C’è un filone tutto chivassese nell’operazione «Cerbero», quella che la scorsa settimana ha portato una settantina di persone in carcere per mano dei carabinieri del Comando Provinciale di Torino.
Uno dei vari faldoni che compone il corpo delle accuse è infatti legato alla «Miracle», inchiesta condotta dai militari della Sezione Operativa della Compagnia di Chivasso, coordinati dal Capitano Luca Giacolla e dal Luogotenente Leonardo Luchena, depositata nel maggio del 2018.

Le origini dell'indagini

Tutto ha avuto inizio da una complessa attività investigativa, all’epoca la Compagnia era guidata dal Capitano Pierluigi Bogliacino, a carico dei fratelli Bruno ed Enrico Lazzaro, di Chivasso, arrestati nel febbraio del 2016 insieme a Davide Gioffrè (anche lui di Chivasso) e a Arcangelo Cuzzupi, di Volpiano, considerato «Intermediario in favore dei predetti Lazzaro per l'approvvigionamento di sostanze stupefacenti provenienti da altri soggetti operanti sul territorio di Volpiano».
Cuzzupi è cugino di primo grado di Domenico Agresta, il collaboratore di giustizia che ha permesso agli inquirenti di fare luce sulle ramificazioni della ‘ndrangheta in Canavese, a suo volta nipote di Antonio Agresta, considerato il «capo società» con «con compiti di decisione, pianificazione e individuazione delle azioni e delle strategie, e di mantenere i contatti con la cosca operante in Calabria».
Da rimarcare come il «pentimento» di Domenico Agresta abbia influito poco o nulla sull’indagine dei carabinieri di Chivasso, la cui fase investigativa era già in corso all’atto della sua decisione di collaborare.
Un collegamento, quello tra Chivasso e Volpiano, che secondo gli inquirenti permetteva lo spaccio in città di circa 600 dosi al mese, e che non si è mai interrotto pur cambiando gli attori.
Nel marzo 2018, infatti, l’asse tra Chivasso e Volpiano è tornato agli onori della cronaca con l’intervento dell’Arma a casa di Andrea Ciconte, originario di Chivasso ma residente a Volpiano, già «attenzionato» per il solito rapporto di amicizia con Antonio Agresta.
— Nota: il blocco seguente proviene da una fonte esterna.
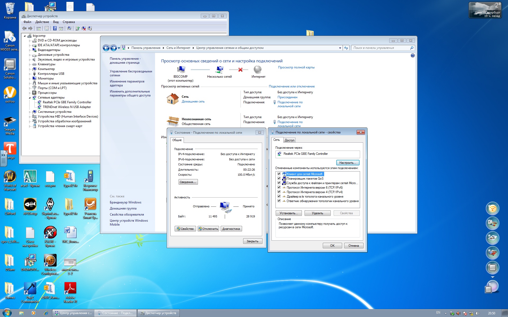 После экспериментов появилась неопознанная сеть, я туплю как её выколотить? Цепляется за внутреннюю сетевуху, как и домашняя сеть, получает по DHCP тот же адрес, изза чего инет отсутствует пока не выключу/включу в винде сетевуху и неопознанная сеть пропадает.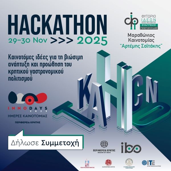 Το Ελληνικό Μεσογειακό Πανεπιστήμιο υλοποιεί τον Μαραθώνιο Καινοτομίας «Αρτέμης Σαϊτάκης» – Hachathon 2025 στο πλαίσιο της εκδήλωσης «InnoDays – Ημέρες Καινοτομίας της Περιφέρειας Κρήτης 2025»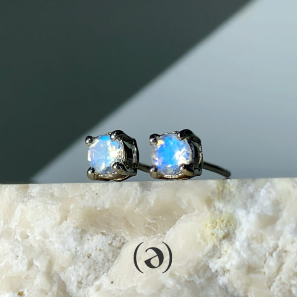 Rainbow Moonstone in Silver 925 (White gold) | ใครชอบต่างหูเพชร เรียบ เเต่ไม่เหมือนใครแนะนำตัวนี้เลนค่า เรนโบว์มูนสโตน ประกายฟ้าน้ำเงิน ไม่ซ้ำใคร เเละ ไม่มีใครเหมือนจ้า RARE สมชื่อร้าน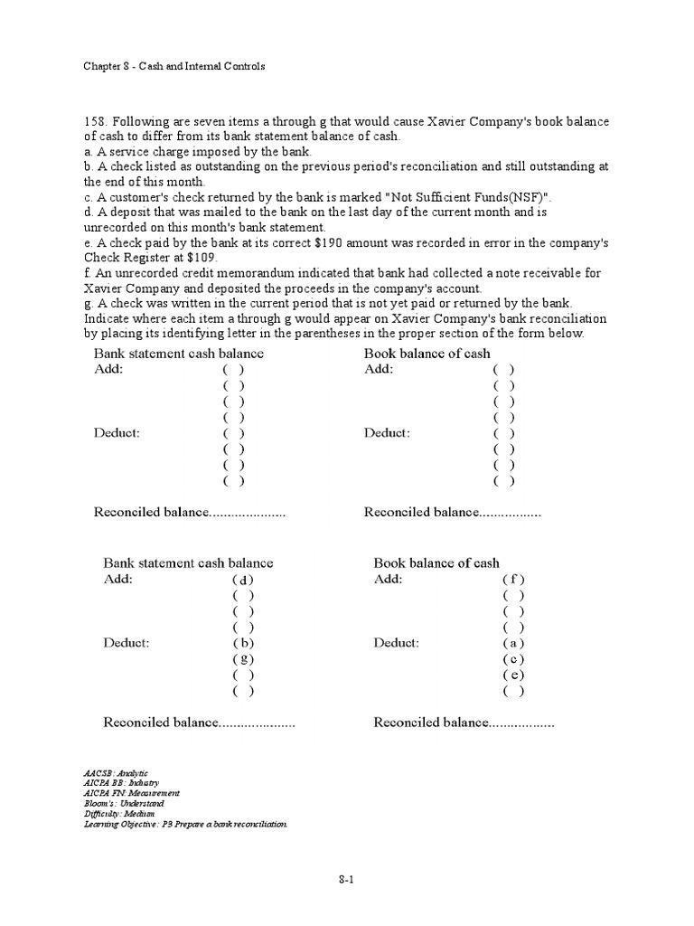 158. Following are seven items a through g that would cause Xavier Company's book balance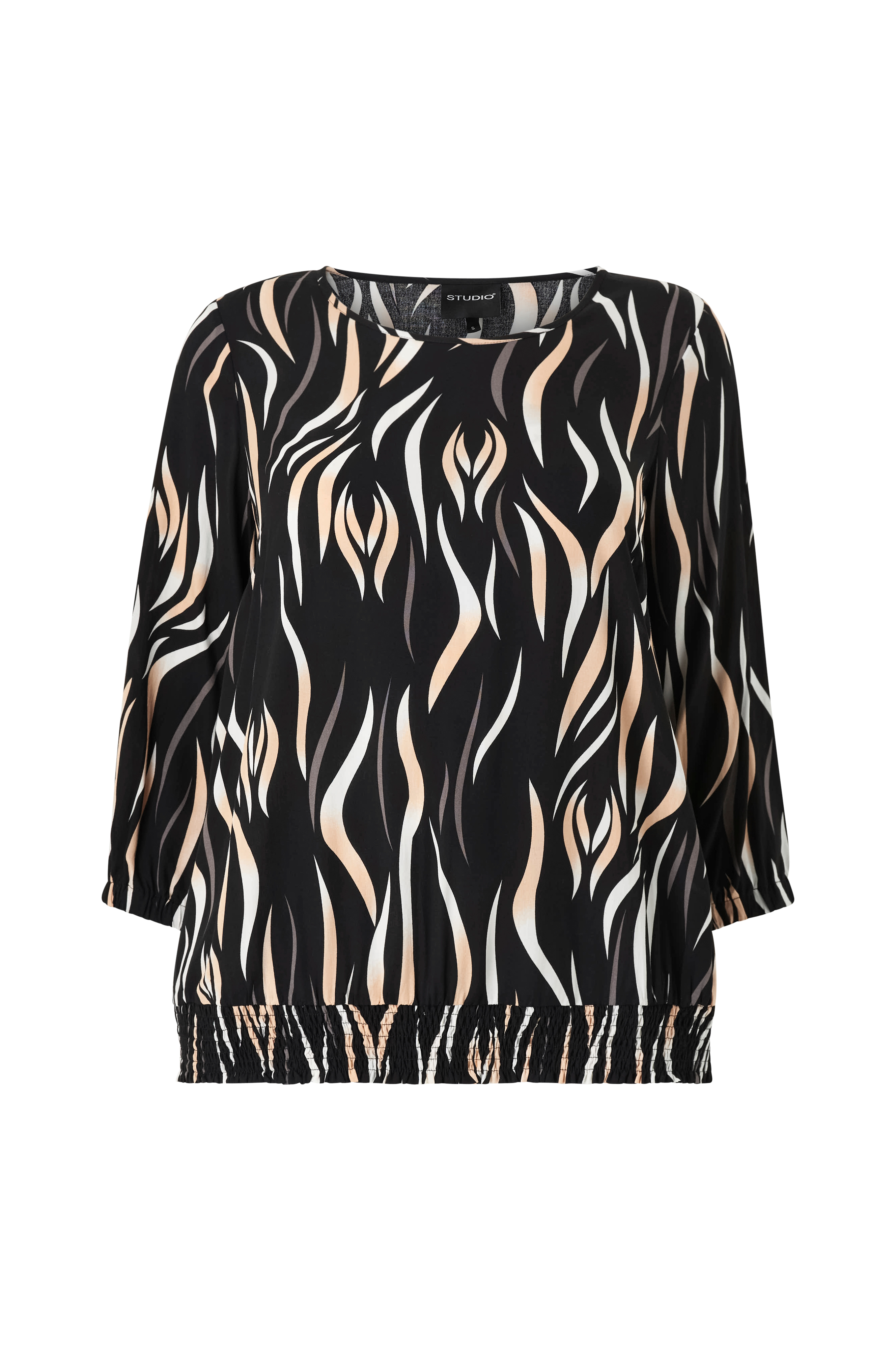 • Bluse i viskose med printet mønster• Rund halsudskæring• Lange ærmer med elastik ved manchetterne• Smock ved nederste kant• Store størrelser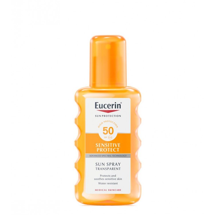 Como aplicar Eucerin Sensitive Protect Spray Solar Transparente SPF50 200mlAplique generosamente antes da exposição solar e torne a aplicar com frequência, especialmente após nadar, usar a toalha e transpirar, para manter a proteção original. A quantidade insuficiente de protetor solar aplicado reduz o efeito de proteção.
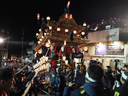 300年以上の歴史を持つ秩父神社(埼玉県秩父市)の例大祭「秩父夜祭(よまつり)」が、今年も盛大に行われた。ちょうちんやはやし手を乗せた6基の山車が秩父市役所前に集まり、勇壮な姿を披露した。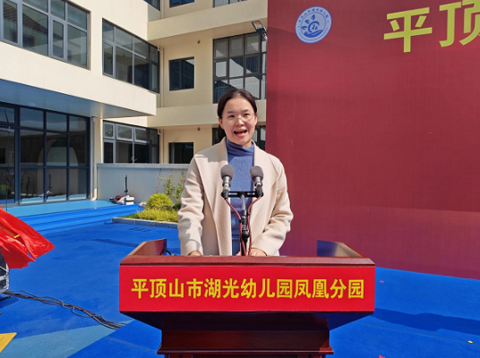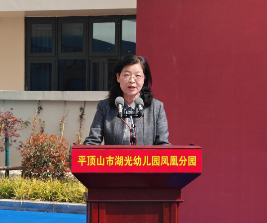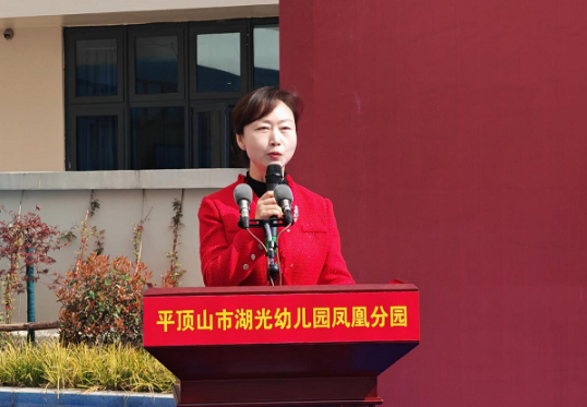 湖光幼儿园园长郭卫红发表热情洋溢的致辞。她回顾了凤凰分园从规划蓝图到落成启用的历程,郑重作出三项承诺:以传承为根,让教育理念薪火相传;以“四有”为范,用温暖守护幼儿童心;以儿童为本,让沃土滋养蓓蕾健康成长。

Dopo aver fermato un uomo sospettato di aver appena ricevuto della cocaina da Ciconte, i carabinieri avevano effettuato un controllo nella casa di quest’ultimo che però era riuscito, secondo le accuse, a gettare la droga nel water.
Un altro nome «chivassese» è quello di Stefano Fossati (ora residente a Torrazza), su cui i carabinieri indagano dal 2016 dopo aver registrato un passaggio di cocaina tra Antonio Agresta e Terenzio Imbergamo, e da questi a Fossati «In quantità certamente superiore a grammi 73». Fossati era stato poi arrestato due volte: la prima nell’agosto del 2016 « in quanto trovato in possesso di 550 grammi di hashish (che aveva acquistato da un cittadino nordafricano) e di 73 gr di cocaina, occultati in casa», la seconda nell’ottobre del 2017 per 23 grammi di cocaina.

La malavita a Chivasso

Chivasso, quindi, è sempre rimasta una piazza importante per la ‘ndrangheta, che ha saputo reagire alle operazioni «Minotauro» e «Colpo di Coda» facendo crescere giovani leve con il ruolo di «intermediari» dello smercio di sostanze stupefacenti.
Non vi sono più, infatti, le figure degli spacciatori agli angoli delle strade, alla stazione ferroviaria o nel parcheggio del Movicentro, ma «intermediari» in grado di dialogare direttamente con i capi (vedi Ciconte) spacciando a casa o a domicilio la singola dose. Una accortezza che, in caso di controllo, rende meno gravi le accuse.
Anche per questo, l’ultimo «intermediario» a cadere nella rete, Sebastiano Siclari (originario di Chivasso e residente a Villareggia), registrato in moltissime occasioni mentre riceveva cocaina da Antonio Agresta e altri in quantità ogni volta pari a 50 grammi.
Una rete che fa anche capire come nessuno potesse a spacciare a Chivasso, Brandizzo, Torrazza e anche nel vercellese senza il placet della ‘ndrangheta, che dalla nuova base di Volpiano aveva esteso ovunque i propri mortali tentacoli.